----- INPUT -----

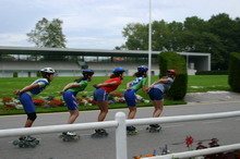 ...aunque a las patinadoras los coches no les impiden rodar ¡A que te cojo el rebufo!
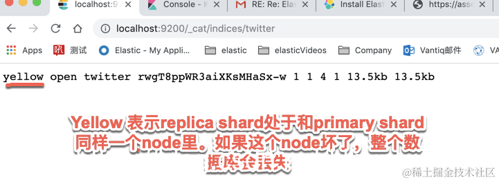 如果一个 index 显示的是红色,表面这个 index 至少有一个 primary shard 没有被正确分配,并且有的 shard 及其相应的 replica 已经不能正常访问。 如果是绿色,表明 index 的每一个 shard 都有备份 (replica),并且其备份也成功复制在相应的 replica shard 之中。如果其中的一个 node 坏了,相应的另外一个 node 的 replica 将起作用,从而不会造成数据的丢失。
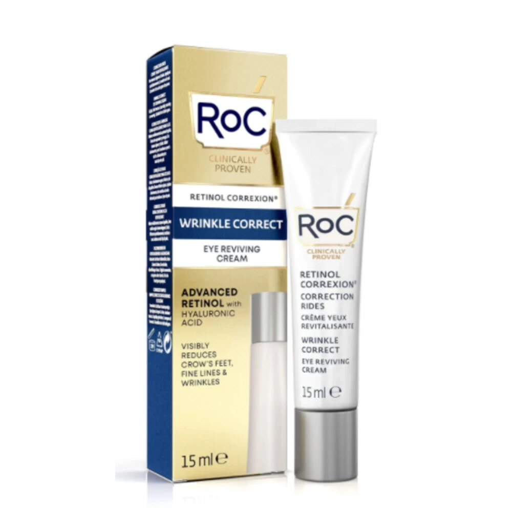 RoC Retinol Correxion Wrinkle Correct OogcrèmeMet de combinatie van geavanceerd retinol en hyaluronzuur vermindert deze oogcrème fijne lijntjes en rimpels zichtbaar. Een lichte, vloeibare oogcrème die geschikt is voor alle huidtypes.Geformulateerd voor gebruik rond het gevoelige ooggebiedLichte, niet vette, zijde-acgtige testuurGeurvrijVermindert zichtbaar kraaienpootjes, fijne lijntjes en rimpelsVermindert zichtbaar rimpels direct na het aanbrengen en na 3 weken
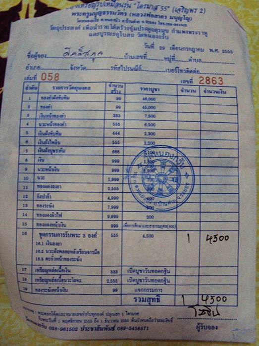 1. เนื้อตะกั่วหน้าทองระฆัง 1 เหรียญ = 3,000
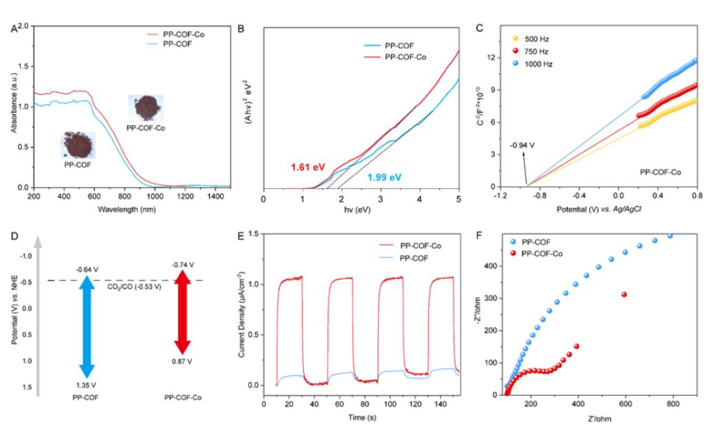 图2:晶态多孔框架PP-COF-Co的光电性质
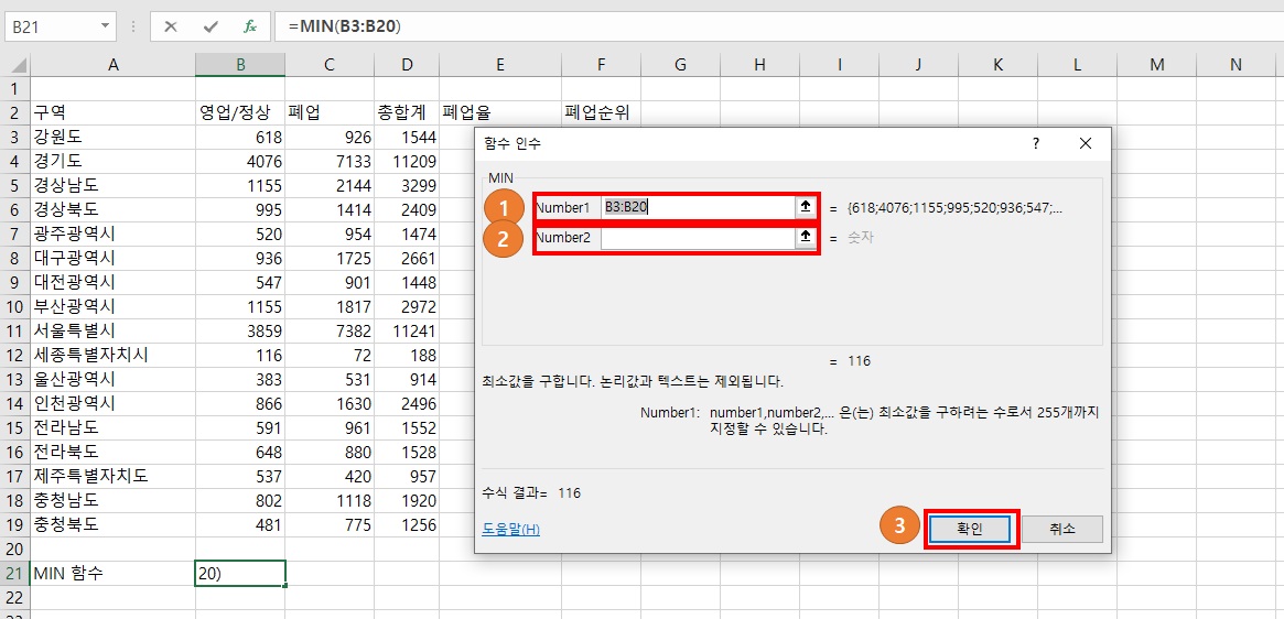 3번 : MIN 선택 후 확인 클릭
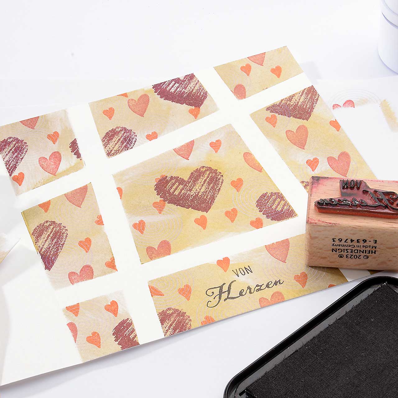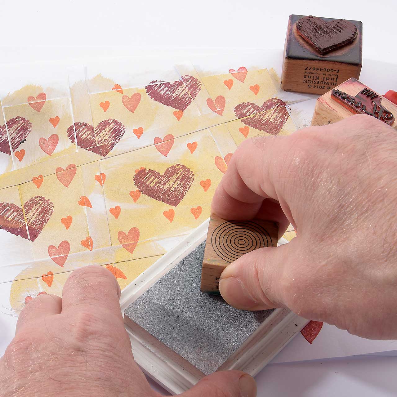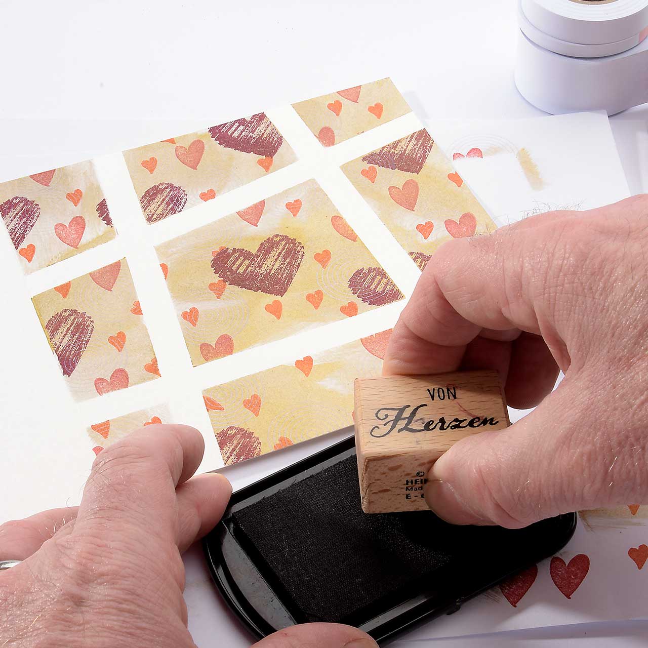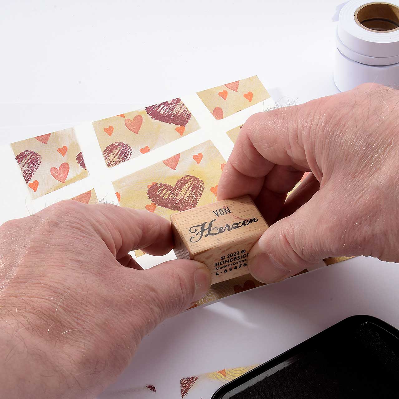 Stempeln Sie das mini Herz Motiv mit dem orangenen Mini-Stempelkissen mehrfach auf Ihre Karte. Für ein gleichmäßiges Druckbild färben Sie den Stempel vor jedem Abdruck erneut ein.
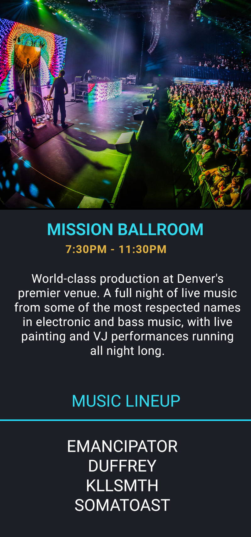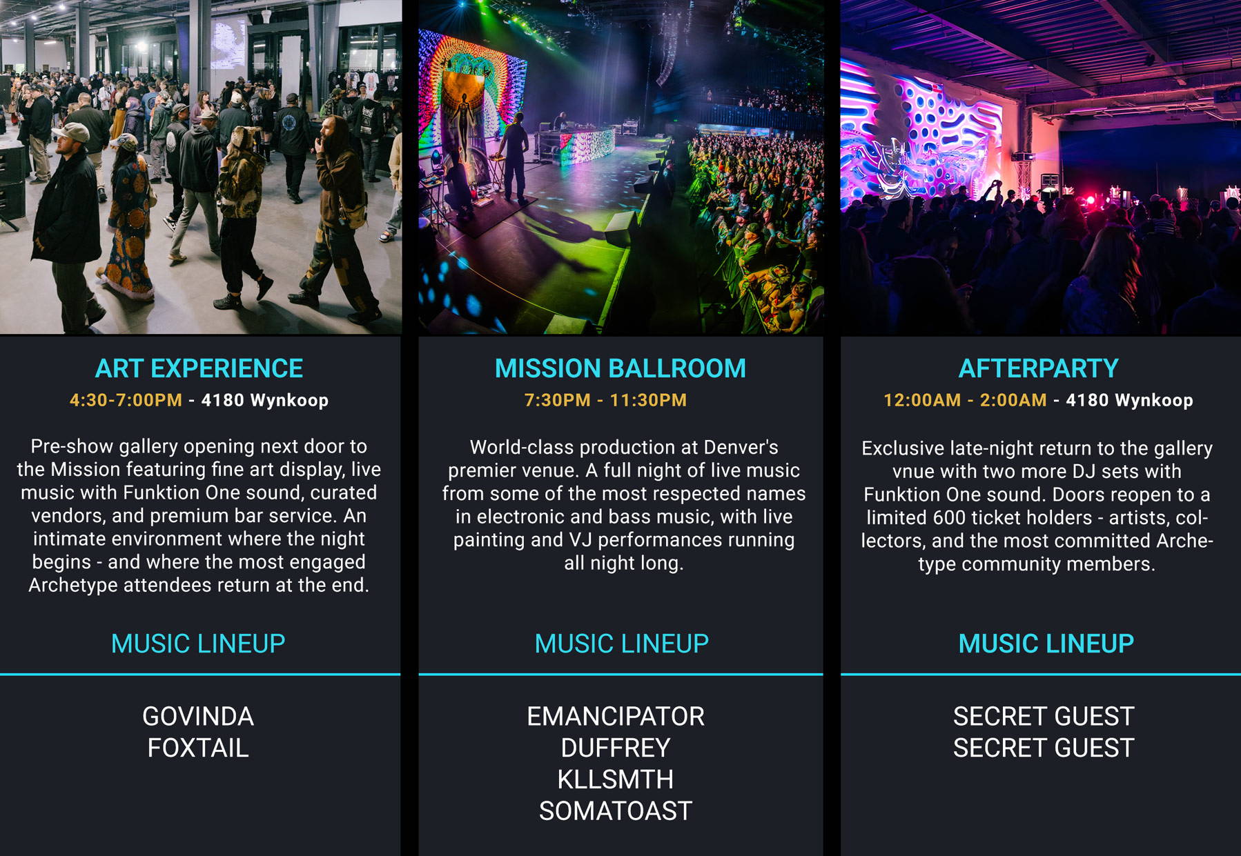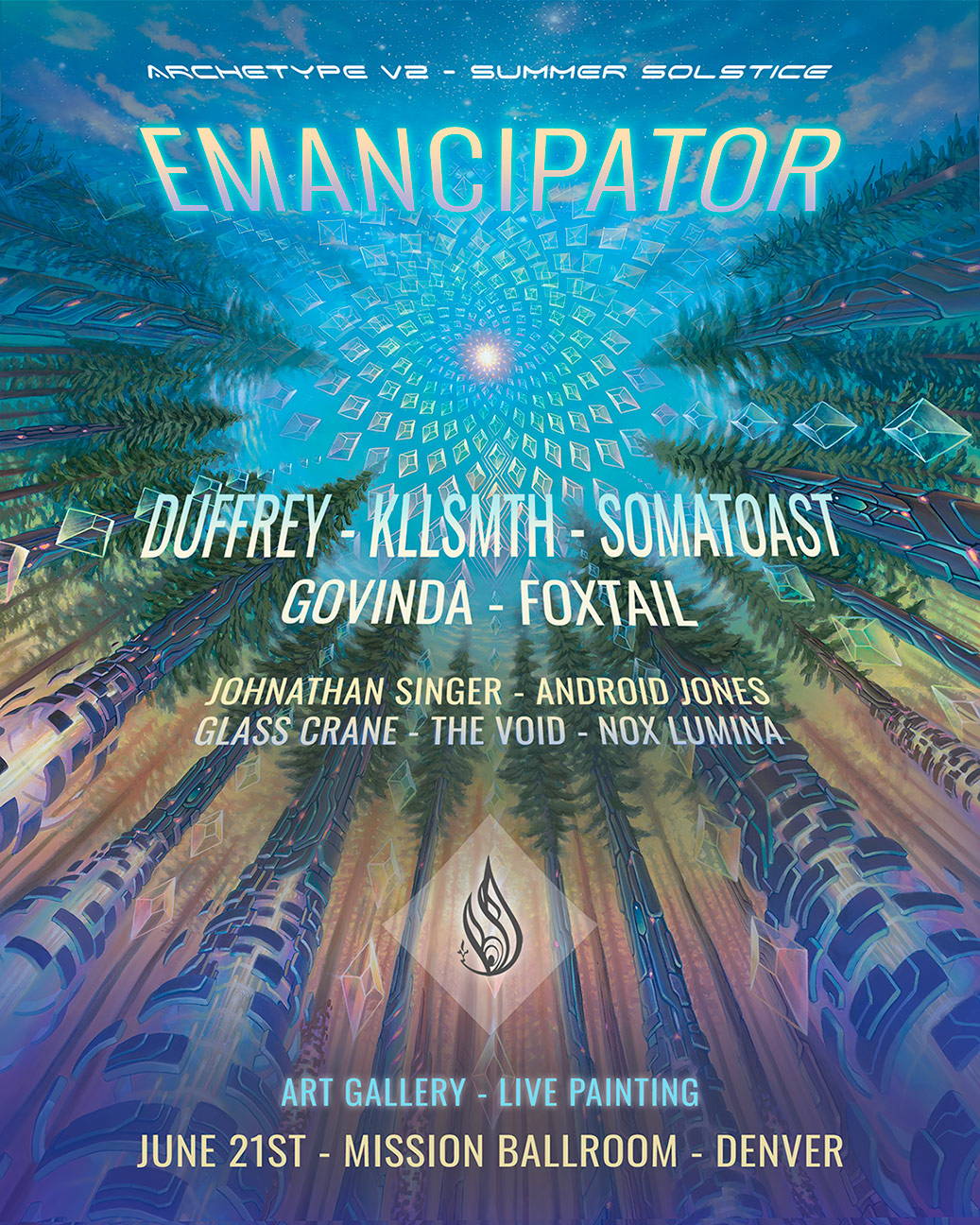 A Summer Solstice celebration in Denver you won't forget. The night begins at the gallery - an intimate pre-show art opening at 4180 Wynkoop featuring world-class visionary art, live music, and a curated market. Then the full production at Mission Ballroom.
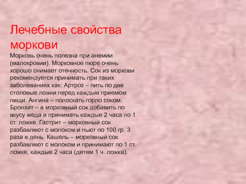 очень хорошо снимает отечность. Сок из моркови рекомендуется принимать при таких заболеваниях как: Артроз – пить по две столовые ложки перед каждым приемом пищи. Ангина – полоскать горло соком. Бронхит – в морковный сок добавить по вкусу меда и принимать каждые 2 часа по 1 ст. ложке. Гастрит – морковный сок разбавляют с молоком и пьют по 100 гр. 3 раза в день. Кашель – морковный сок разбавляют с молоком и принимают по 1 ст. ложке, каждые 2 часа (детям 1 ч. ложка).
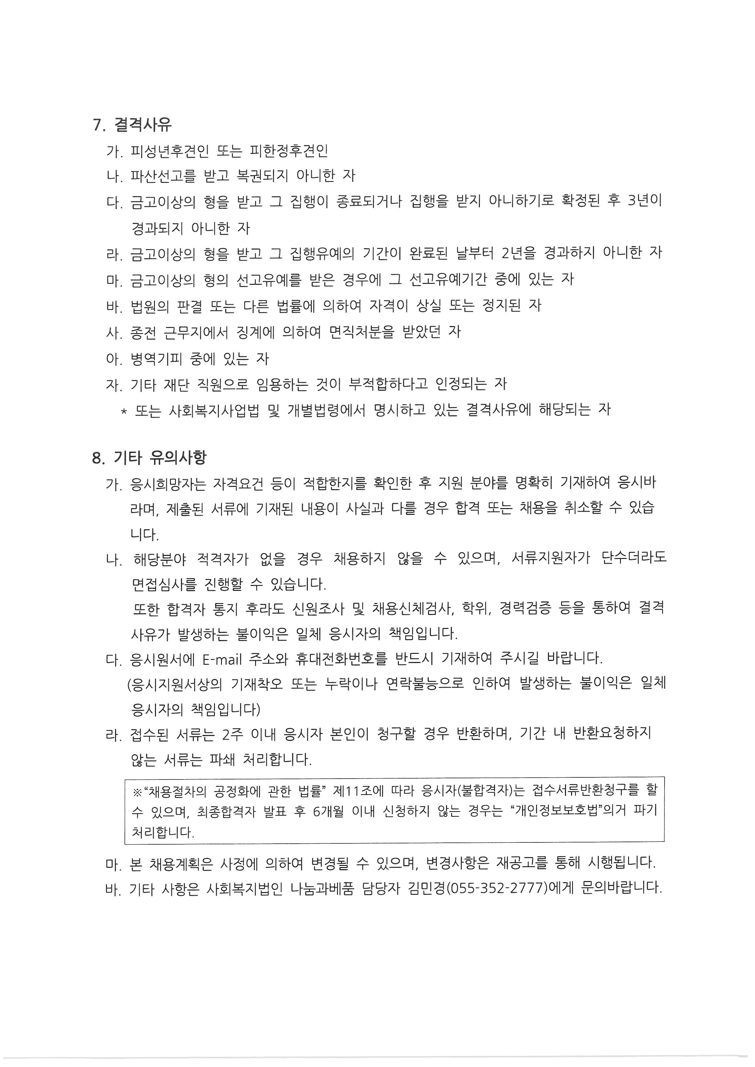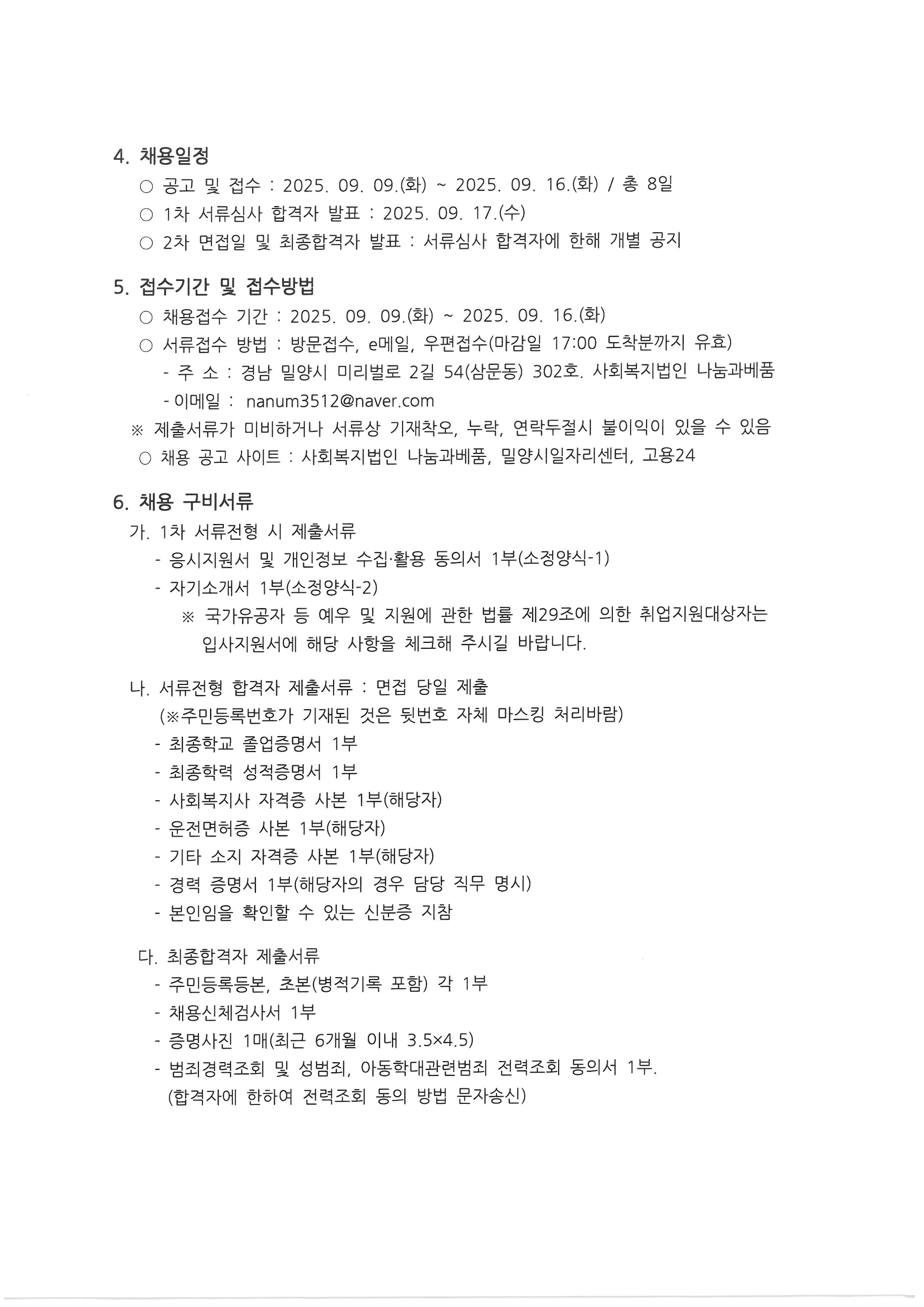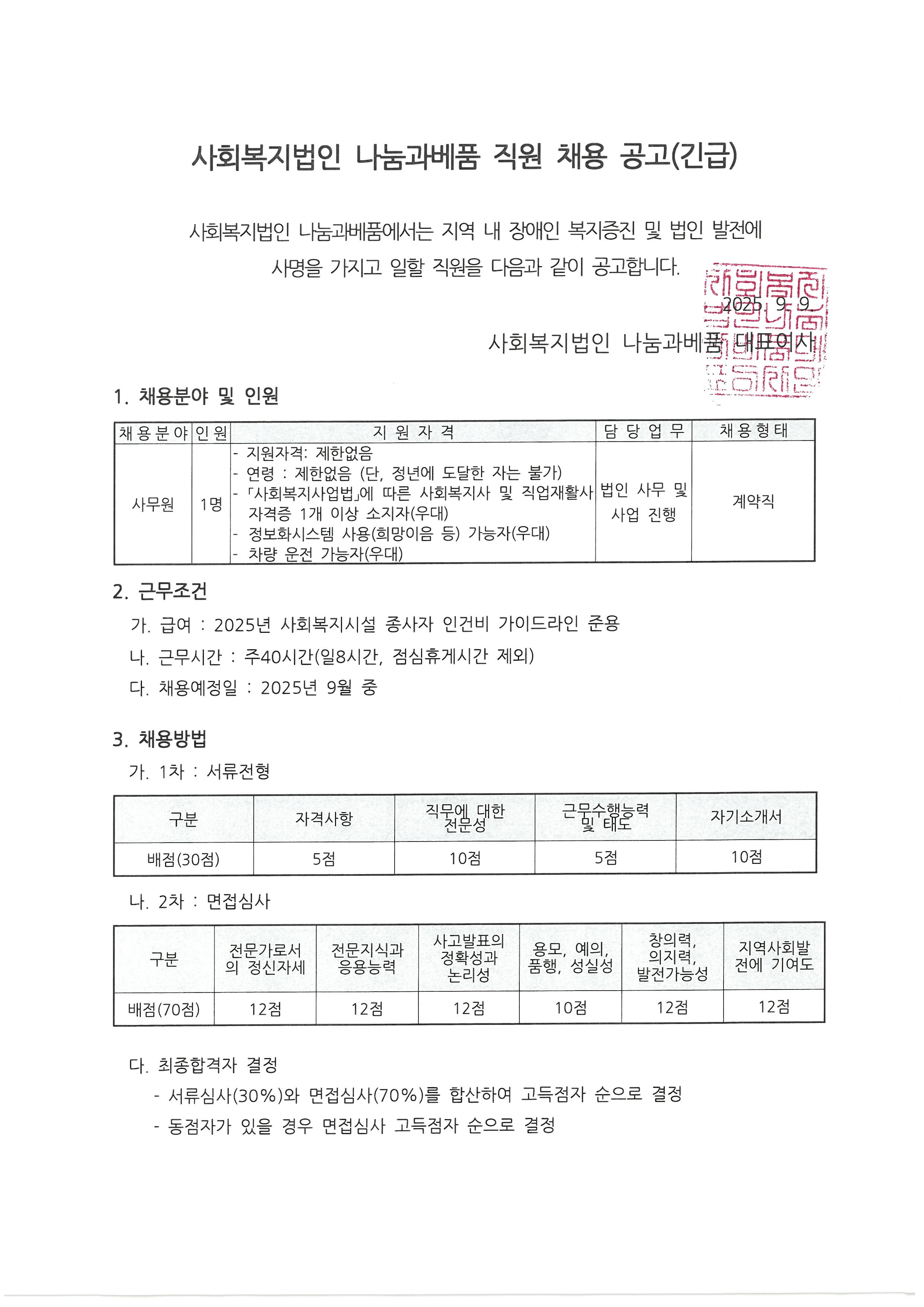 사회복지법인 나눔과베품 직원 채용 공고(긴급)

-----

TASK DESCRIPTION: Every line above between the one containing "RoC Retinol Correxion" and the one containing "очень хорошо снимает", those two included, is to be printed exactly. No pictures go into the copy.

EXERCISE OUTPUT:
 RoC Retinol Correxion Wrinkle Correct OogcrèmeMet de combinatie van geavanceerd retinol en hyaluronzuur vermindert deze oogcrème fijne lijntjes en rimpels zichtbaar. Een lichte, vloeibare oogcrème die geschikt is voor alle huidtypes.Geformulateerd voor gebruik rond het gevoelige ooggebiedLichte, niet vette, zijde-acgtige testuurGeurvrijVermindert zichtbaar kraaienpootjes, fijne lijntjes en rimpelsVermindert zichtbaar rimpels direct na het aanbrengen en na 3 weken
 1. เนื้อตะกั่วหน้าทองระฆัง 1 เหรียญ = 3,000
 图2:晶态多孔框架PP-COF-Co的光电性质
 3번 : MIN 선택 후 확인 클릭
 Stempeln Sie das mini Herz Motiv mit dem orangenen Mini-Stempelkissen mehrfach auf Ihre Karte. Für ein gleichmäßiges Druckbild färben Sie den Stempel vor jedem Abdruck erneut ein.
 A Summer Solstice celebration in Denver you won't forget. The night begins at the gallery - an intimate pre-show art opening at 4180 Wynkoop featuring world-class visionary art, live music, and a curated market. Then the full production at Mission Ballroom.
 очень хорошо снимает отечность. Сок из моркови рекомендуется принимать при таких заболеваниях как: Артроз – пить по две столовые ложки перед каждым приемом пищи. Ангина – полоскать горло соком. Бронхит – в морковный сок добавить по вкусу меда и принимать каждые 2 часа по 1 ст. ложке. Гастрит – морковный сок разбавляют с молоком и пьют по 100 гр. 3 раза в день. Кашель – морковный сок разбавляют с молоком и принимают по 1 ст. ложке, каждые 2 часа (детям 1 ч. ложка).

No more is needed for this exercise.